Excerpts from CGS-CIMB report
Analysts: William Tng, CFA & Izabella Tan
|Patience is a virtue
■ We believe that the market has priced in a weaker FY23F since AEM’s FY22 results announcement.
■ We reiterate our Add call on FY24F earnings recovery.
|Navigating a difficult 1H23F|
AEM’s share price has declined 18.3% from S$3.38 pre-FY22 results announcement to S$2.76 on 1 March 2023.
Legal / pro fees down
“There was an increase of S$15.9m in legal and professional fees arising from arbitration involving its US entities (announced on 24 Feb 2022) and IT hardening initiatives (IT security breach announced on 5 Sep 2022). We think that legal and professional fees should decline significantly in FY23F.”
The shares are currently trading at 7.35x our FY24F EPS forecast, 7.0% below its 6-year average of 7.9x.
On 24 Feb 2023, AEM provided revenue guidance of S$500m in FY23F. In FY22, 1H22 accounted for 62%/65% of full-year revenue/net profit.
Hence, AEM will have a high base comparison effect in a 1H23F semicon downturn environment.
AEM reported revenue/net profit of S$262m/S$41m in 1Q22 and S$540m/S$183m in 1H22.

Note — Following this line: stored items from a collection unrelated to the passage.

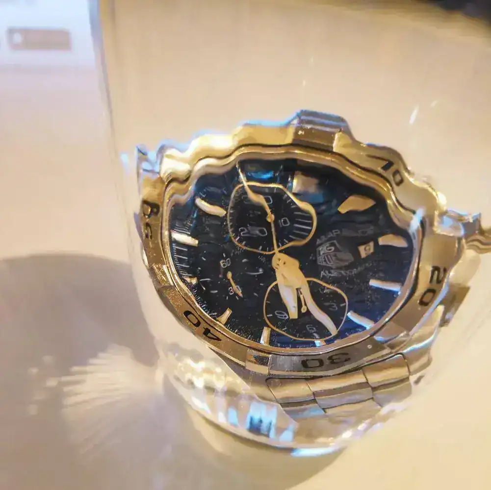 Llegados a este momento no sabía qué hacer, y de casualidad me fui con mi chica al Corte Inglés. Como la cabra tira al monte, pues ahí estábamos en el escaparte de Tag, viendo el Brad y ahí estaba él escondido como agazapándose sin querer ser visto, un fantástico Aquaracer crono precioso, se me caía la baba al verlo y ni corto ni perezoso le dije a la dependienta, por favor quiero probarme este modelo y… flechazo, ni me había llegado plantear este modelo. Si ya sé que un diver no puede ser un crono, que queréis que os diga…rarito que es uno. Vamos que el Brad Pitt se había quedado relegado por el aquaracer.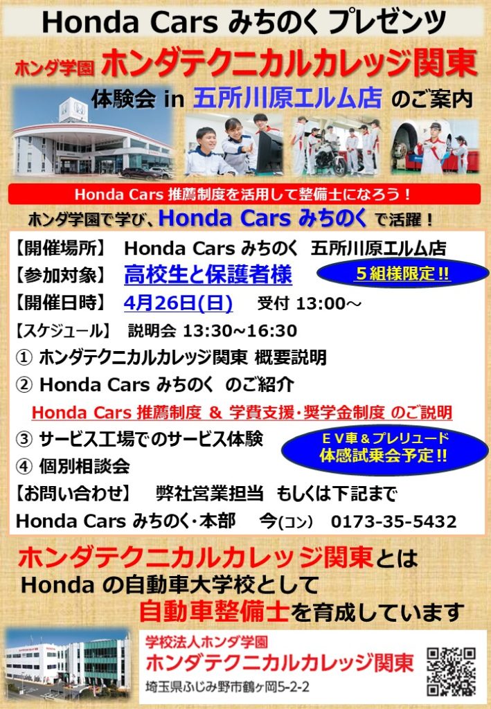 ホンダカーズみちのく × ホンダ学園 コラボインベントを開催いたします!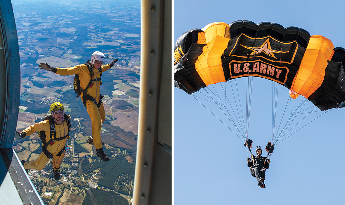 If you’re lucky, you might catch a glimpse of the Golden Knights practicing at the airport, their main training facility. photograph by MEGAN HACKETT/DVIDS, U.S. ARMY PHOTO BY STAFF SGT. DAVID MEYER, 49TH PUBLIC AFFAIRS DETACHMENT/RELEASED. THE APPEARANCE OF U.S. DEPARTMENT OF DEFENSE (DOD) VISUAL INFORMATION DOES NOT IMPLY OR CONSTITUTE DOD ENDORSEMENT.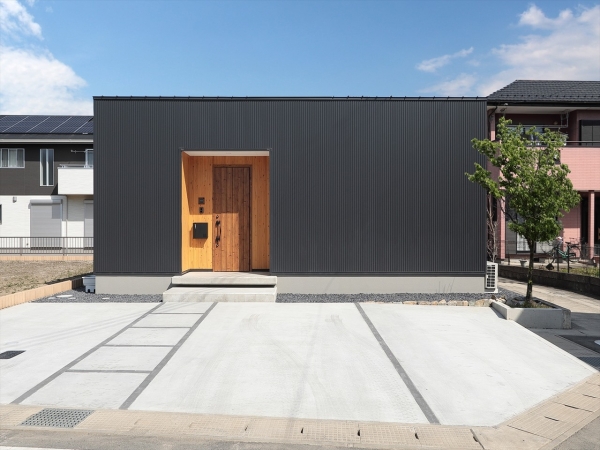 黒のガルバリウムの外壁に、板張りの木目が美しい玄関とウッドデッキの目隠しルーバーがアクセント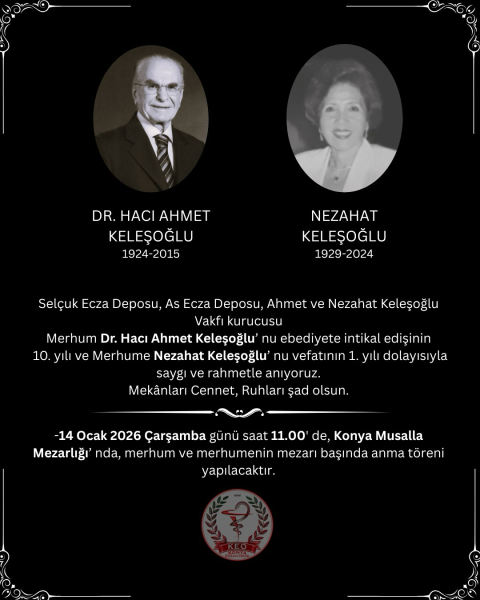 Merhum Dr. Hacı Ahmet Keleşoğlu’nu ebediyete intikal edişinin onuncu yılı ve Merhume Nezahat KELEŞOĞLU’ nu vefatının birinci yılı dolayısıyla saygı ve rahmetle anıyoruz.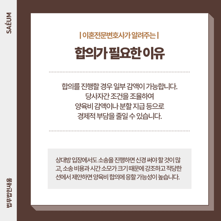 양육비 합의는 생각처럼 쉽지 않습니다. 특히 양육비 감액을 원하는 경우 상대방이 이를 반대하고 강경하게 나올 위험이 있는데요. 따라서 합당한 사유를 기반으로 설득하여 원하는 결과를 이끌어내야 합니다. 만일 이전에 감정이 좋지 않아 양육비 합의가 어려운 상황이라면 변호사의 도움을 받아 상대방을 설득해 볼 수도 있습니다.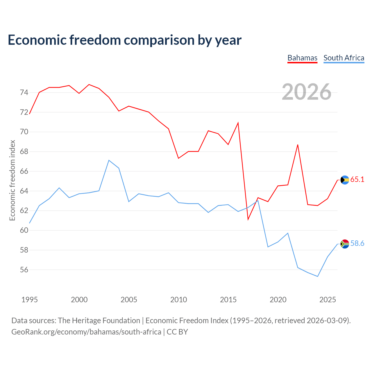 The Economic Freedom Index for the Bahamas is 65.1, ranking 66/197, compared to 58.6 for South Africa, ranking 110/197. The chart above displays a comparison of annual changes in economic freedom indexes.

|Keeping an eye on costs in a downturn|
Given the industry slowdown in FY23F, we believe that management will oversee its costs diligently.
We also note that in FY22, there was an increase of S$15.9m in legal and professional fees arising from arbitration involving its US entities (announced on 24 Feb 2022) and IT hardening initiatives (IT security breach announced on 5 Sep 2022).

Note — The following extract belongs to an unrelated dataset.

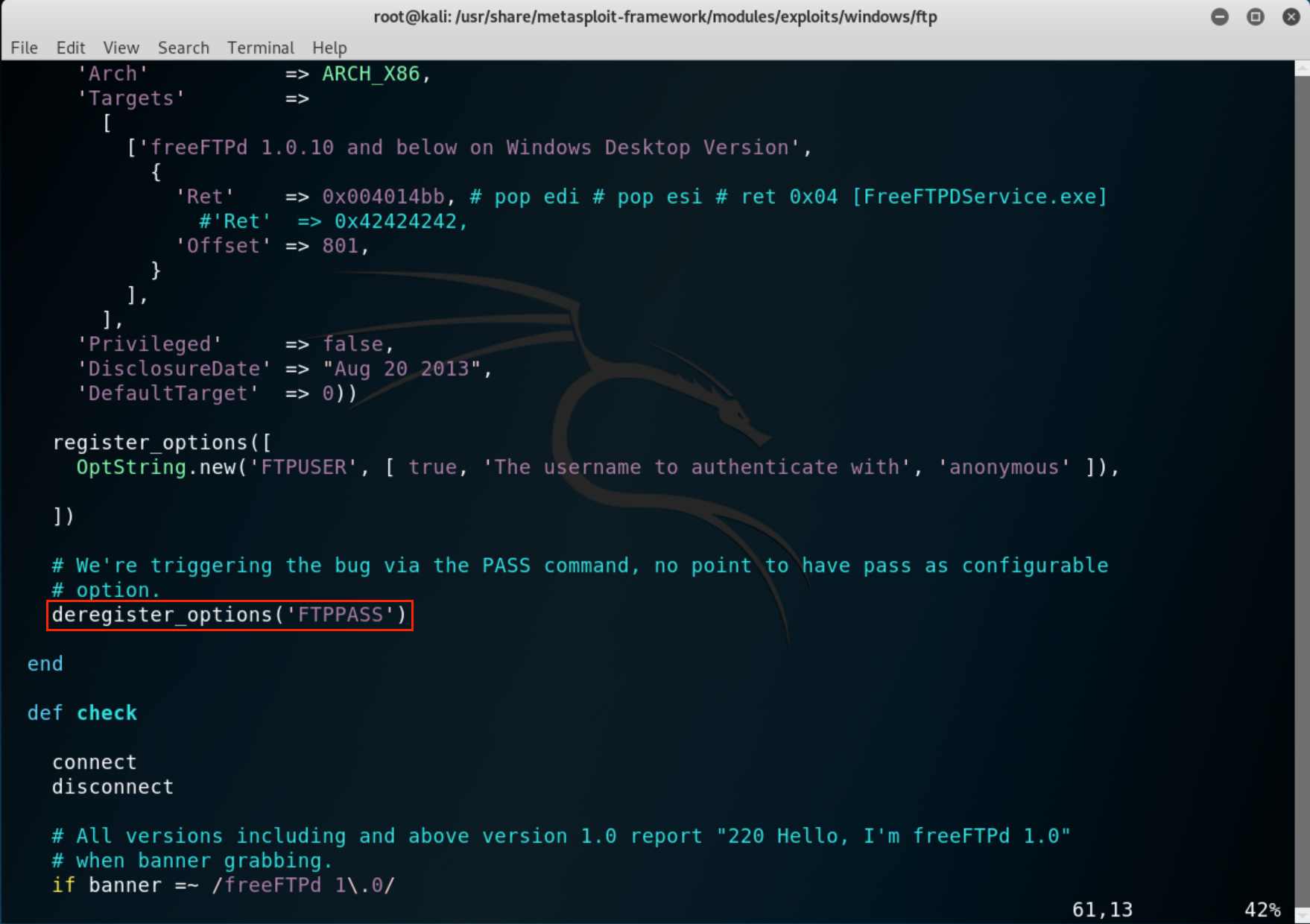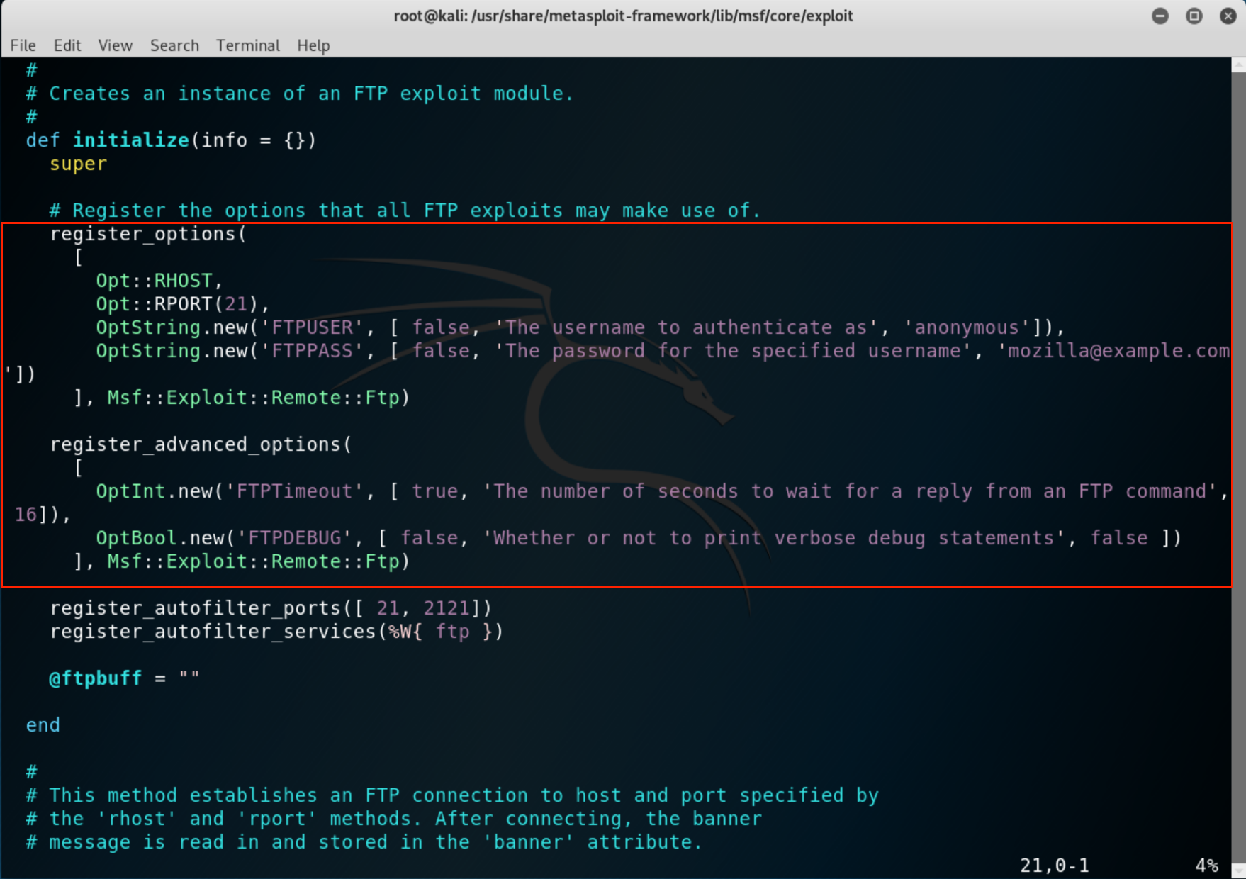 ->>> 확인 결과, 원래는 "register_options"의 "OptString.new"의 옵션이 "false"로 되어 있지만, "freeftpd_pass.rb"에는 "true"로 되어 있는것을 볼 수 있다. 즉, 수정이 가능하다는 것이다.

We think that legal and professional fees should decline significantly in FY23F.
|Possible recovery from 2H23F onwards|
Management said that its S$500m revenue guidance for FY23F may be revised as second half visibility becomes clearer.

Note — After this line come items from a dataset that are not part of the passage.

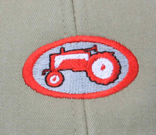 Vintage Embroidered Tractor Cap. Cap is 100% cotton twill with metal buckle. Cap adjusts so one size fits most. Available as solid color cap or with contrasting bill. Hat is decorated with a red or green tractor!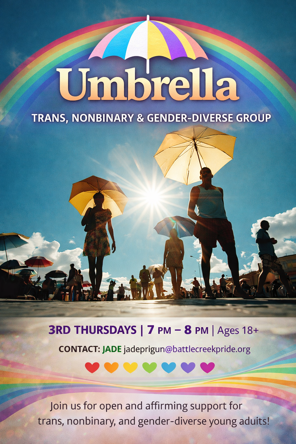 Follow us on Facebook and visit https://www.battlecreekpride.org for event updates, details, and what’s coming next.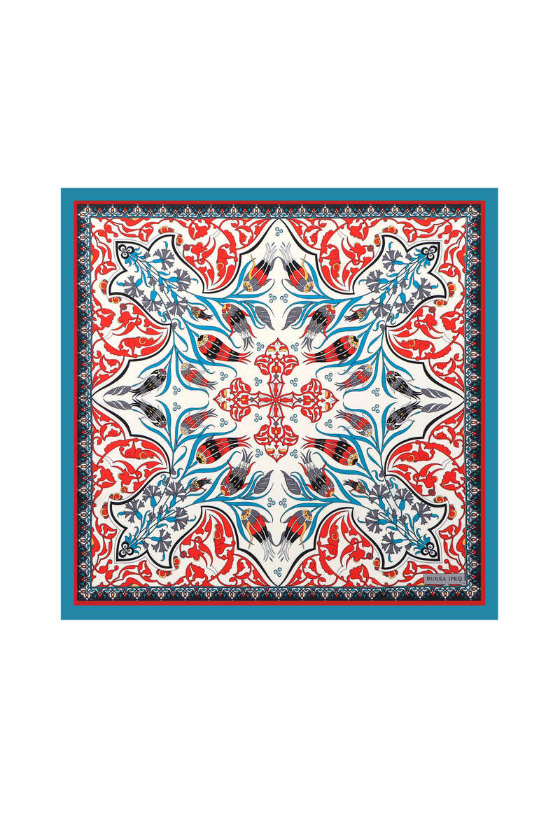 Turkuaz Lale Karanfil Desen İpeksi Mendil

“We think that the share price re-rating could gather momentum from 2H23F onwards as the semicon industry recovers.”
Management also believes that the semicon industry’s revenue could possibly rebound between 2H23F and early 2024 and will continue its growth trajectory to reach US$1tr by the early 2030s driven by high performance computing, artificial intelligence, electrification of vehicles, and 5G communications.
In its customer diversification efforts, management has guided that it has won programmes in high performance compute artificial intelligence, application processors, and memory.
Management thinks that these customers’ revenue could possibly double in FY23F versus FY22 and is optimistic that there could be secular growth opportunities from these customers in FY24F and beyond.
We reiterate our Add call on potential FY24F earnings recovery (we estimate FY23F EPS could drop by 29.3% yoy).
Our TP is based on 9.5x FY24F P/E, 0.5 s.d. above its 6-year average given its sole supplier status with its major customer.
Re-rating catalysts include stronger-than-expected orders from its major customer and earlier-than-expected success in securing orders from other potential customers.
Downside risks are delivery delays and the loss of the sole supplier status for its major customer, which would negatively affect AEM’s profitability, in our view.